Capital 35

Page 25

CULTURE

STREET POWER

FROM POL AND WITH LOVE

Graeme James Crehan, aka Graeme James, is glad Wellington’s a pedestrian city. In 2012, the Palmerston North lad spent weekends busking here: singing covers, playing electric violin, and tapping his loop pedal on Cuba Street, the waterfront, the railway-station underpass. “Sometimes I slept in my car.” Moving towns, he gained loyal fans, got bar gigs locally then countrywide, and released two covers albums, with help from crowd-funder Kickstarter. He’s raised $11,000 that way for his first original album News From Nowhere, released independently, last month, with 10 “danceable-folk” tracks blending his playing of violin, guitar, bass, ukulele, piano, percussion, and his beatboxing. Four tracks featured on the NZ-Australian TV series 800 Words, while pre-released single Alive has been streamed 130,000 times, and nabbed him a 2016 finalist spot in international songwriting competition Unsigned Only. The track When You Look At Me is a duet with musician wife Zoe Crehan. “I met her busking when she stopped to jam.” The Berhampore local, 30, made the One+One music video busking on Cuba Street, where passersby young and old stopped to jam and shimmy. “It’s a tribute to the best fans in the world.” He’ll play at Meow (14 October) during a 10-centre album-release tour.

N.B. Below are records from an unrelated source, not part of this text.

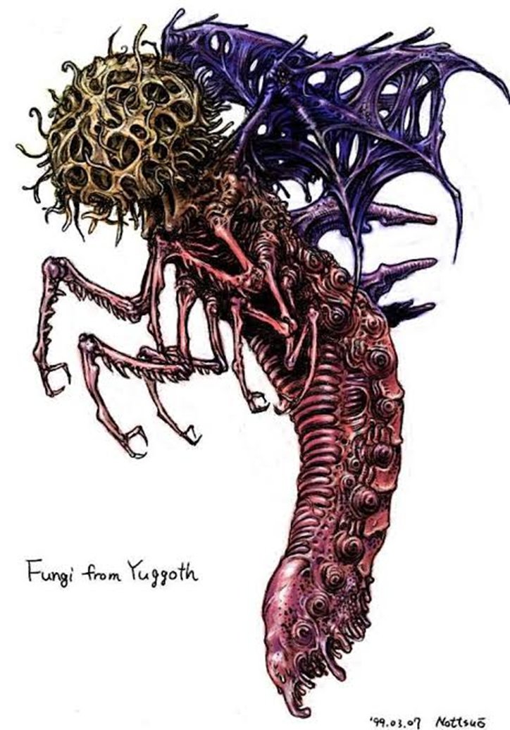 ● 猶格斯真菌(Fungi from Yuggoth)是粉紅色的,有六個可進行操作的肢體,它在大氣中飛行時十分笨拙,不像拜亞基一樣敏捷。
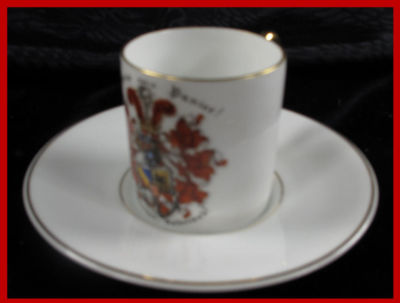 ANTIQUE 1910 Cup & Saucer Hand Painted CREST Coat of Arms Crested China Enamel
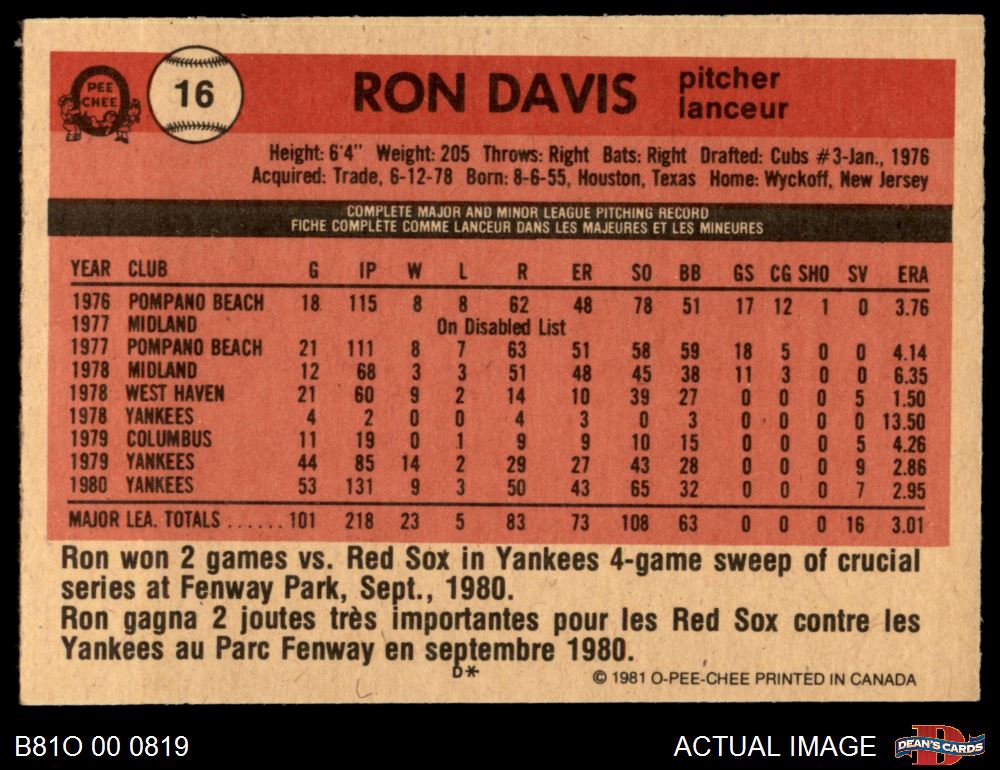 1981 O-Pee-Chee #16 Ron Davis 6 - EX/MT
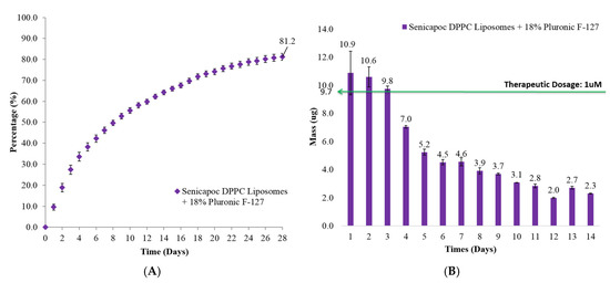 (A) Cumulative percentage release and (B) daily mass release of Senicapoc from drug-loaded liposomes dispersed in 18% hydrogel formulation over a period of 28 days at 37 °C. All data are reported as mean ± SD of duplicates.

In November 1944, 733 Polish children – mostly orphans – arrived in Wellington on a troop ship with 105 caregivers. Among them were the three orphaned Lepionka brothers, who’d survived a Siberian labour camp. They settled into the Polish Children’s Camp at Pahiatua and most accepted New Zealand’s invitation to stay post-war. Zdzislaw Lepionka, who also goes by Eric, met Halina Melgies at a dance and discovered she arrived on the same boat aged 13 months (with her mother). The couple still live in Seatoun, where their four children went to “Polish school” on Saturdays to learn their home country’s language and traditions. Now their daughter Wanda Lepionka, a filmmaker who holds Polish culture dear, has set up the inaugural Wellington Polish Film Festival. Thirty films, from features and documentaries to shorts, screen at the Paramount from 30 September to 9 October. “The time was right,” Lepionka says. “Polish cinema’s come to the world’s attention, and in Poland it’s the ‘Year of Krzysztof Kieślowski' – the late, great filmmaker – so we’re screening his work.” Lepionka, once Avatar’s costume co-ordinator, co-owns CraftInc. Films with writer-director partner David Strong. The Island Bay parents-of-three, who’ve made two festival-hopping short films, write films and TV series for overseas markets.